Re: strange perf regression with data checksums

From
Tomas Vondra
Date:
On 5/9/25 14:53, Aleksander Alekseev wrote:
> Hi Tomas,
> 
>> While running some benchmarks comparing 17 and 18, I ran into a simple
>> workload where 18 throughput drops by ~80%. After pulling my hair for a
>> couple hours I realized the change that triggered this is 04bec894a04c,
>> which set checksums on by default. Which is very bizarre, because the
>> workload is read-only and fits into shared buffers.
>>
>> [...]
>>
>> But why would it depend on checksums at all? This read-only test should
>> be entirely in-memory, so how come it's affected?
> 
> These are interesting results.
> 
> Just wanted to clarify: did you make sure that all the hint bits were
> set before executing the benchmark?
> 
> I'm not claiming that hint bits are necessarily the reason for the
> observed behavior but when something is off with presumably read-only
> queries this is the first reason that comes to mind. At least we
> should make sure hint bits are excluded from the equation. If memory
> serves, VACUUM FULL and CHECKPOINT after filling the table and
> creating the index should do the trick.
> 

Good question. I haven't checked that explicitly, but it's a tiny data
set (15MB) and I observed this even on long benchmarks with tens of
millions of queries. So the hint bits should have been set.

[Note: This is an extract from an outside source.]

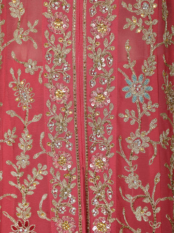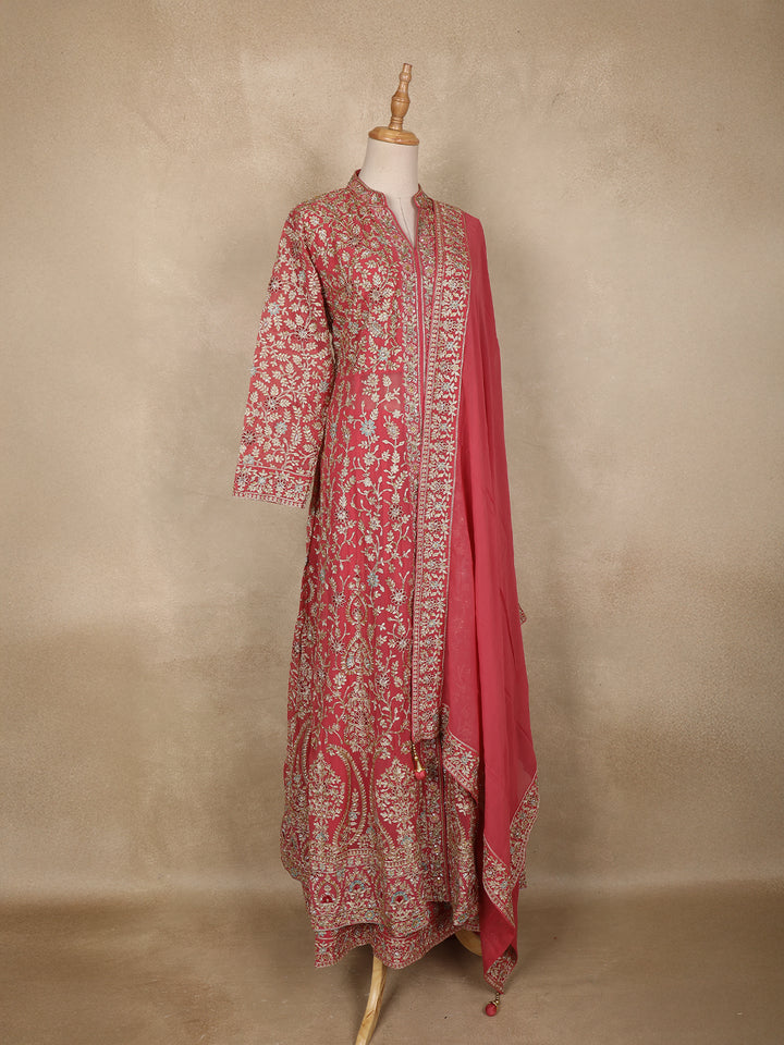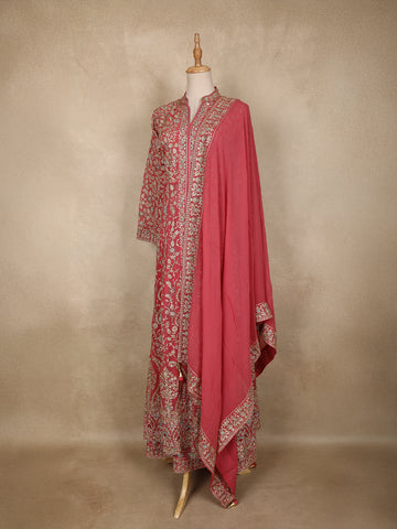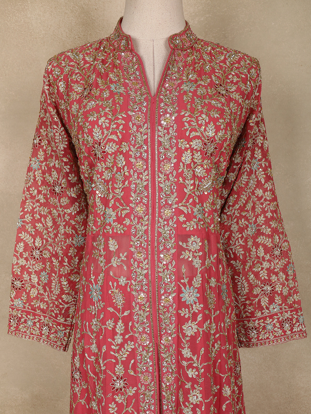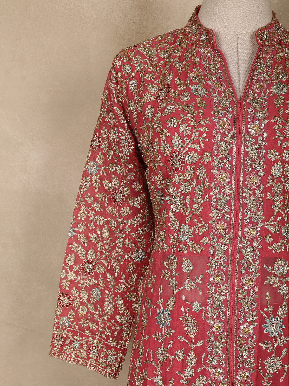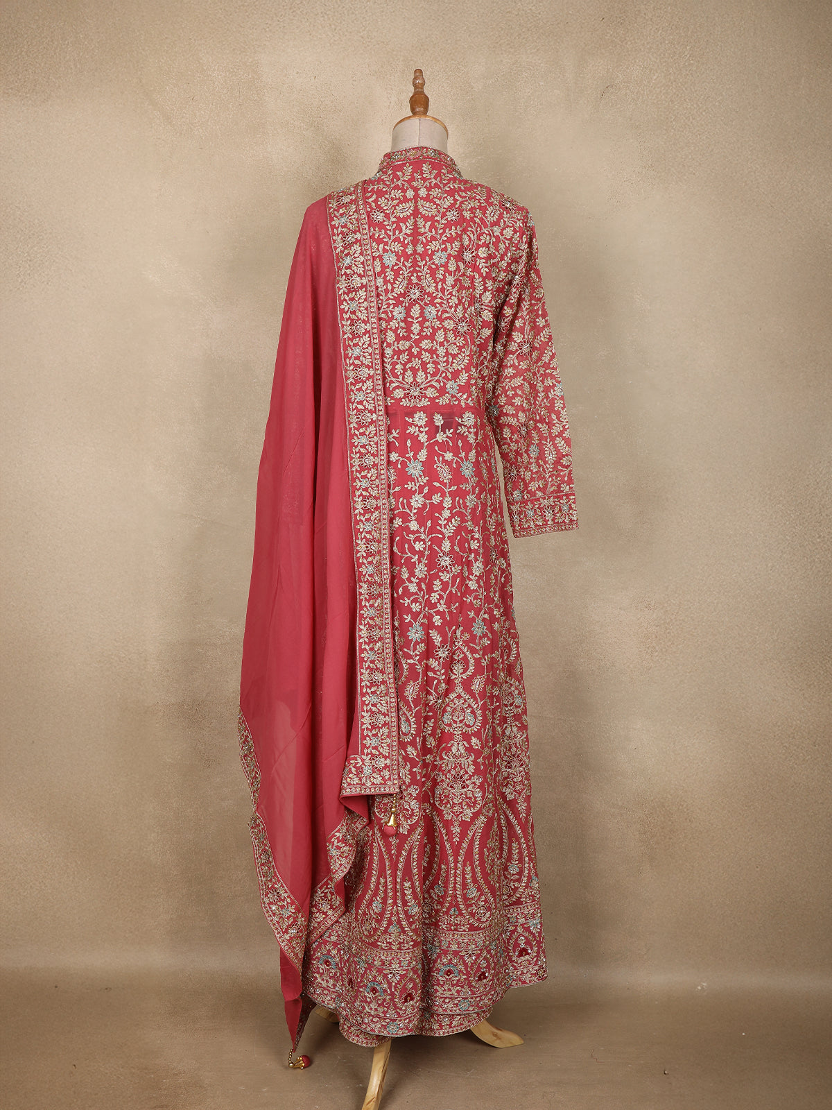 Elevate your ethnic elegance with this stunning Maroon Lehenga Set, handcrafted with exquisite artistry and royal charm. The ensemble features a beautifully embroidered long jacket-style top adorned with intricate thread and zari floral motifs that shimmer with every movement. The detailed craftsmanship extends from the neckline to the hem, creating a majestic and sophisticated appeal.

Also, I should have mentioned the query does an index-only scan, and the
pin/unpin calls are on index pages, not on the heap.


regards

-- 
Tomas Vondra




Re: strange perf regression with data checksums

From
Aleksander Alekseev
Date:
Hi,

> > I'm not claiming that hint bits are necessarily the reason for the
> > observed behavior but when something is off with presumably read-only
> > queries this is the first reason that comes to mind. At least we
> > should make sure hint bits are excluded from the equation. If memory
> > serves, VACUUM FULL and CHECKPOINT after filling the table and
> > creating the index should do the trick.
>
> Good question. I haven't checked that explicitly, but it's a tiny data
> set (15MB) and I observed this even on long benchmarks with tens of
> millions of queries. So the hint bits should have been set.
>
> Also, I should have mentioned the query does an index-only scan, and the
> pin/unpin calls are on index pages, not on the heap.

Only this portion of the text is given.